Try it: For this item, repeat the material exactly while omitting its pictures.

Exercise data:
○ ○ ○

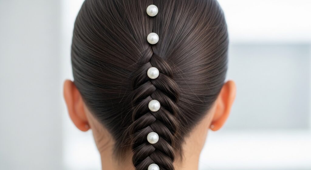 A French braid that transitions into a ponytail is a classic. To embellish it, add pearls as you braid. Use a needle and thread to string pearls onto clear fishing line, then braid this line in as one of your three strands. The result is a continuous, seamless line of pearls embedded within the braid, flowing into the ponytail.
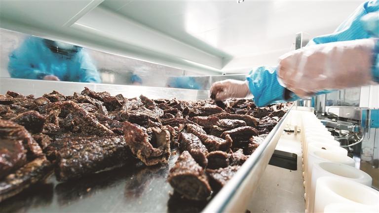 走进尖扎县伊丰肉食品加工包装销售有限公司的牦牛肉干加工车间,肉香扑鼻,机器隆隆作响,工人们身着统一工装,在洁净的生产线上有条不紊地忙碌着。“我们实行订单式生产。客户下单后,我们一周内生产发货,这些产品大多是昨天刚做出来的。”公司负责人马成良指着刚包装好的产品说。
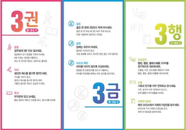 주요 내용은 △3권(즐길 것) 운동·식사·독서 즐기기 △3금(참을 것) 술·흡연은 줄이고, 머리를 다치지 않게 조심하기 △3행(챙길 것) 건강검진, 치매 조기발견, 가족?친구들과의 소통 챙기기 등이다.

○ ○ ○

Exercise result:
 A French braid that transitions into a ponytail is a classic. To embellish it, add pearls as you braid. Use a needle and thread to string pearls onto clear fishing line, then braid this line in as one of your three strands. The result is a continuous, seamless line of pearls embedded within the braid, flowing into the ponytail.
 走进尖扎县伊丰肉食品加工包装销售有限公司的牦牛肉干加工车间,肉香扑鼻,机器隆隆作响,工人们身着统一工装,在洁净的生产线上有条不紊地忙碌着。“我们实行订单式生产。客户下单后,我们一周内生产发货,这些产品大多是昨天刚做出来的。”公司负责人马成良指着刚包装好的产品说。
 주요 내용은 △3권(즐길 것) 운동·식사·독서 즐기기 △3금(참을 것) 술·흡연은 줄이고, 머리를 다치지 않게 조심하기 △3행(챙길 것) 건강검진, 치매 조기발견, 가족?친구들과의 소통 챙기기 등이다.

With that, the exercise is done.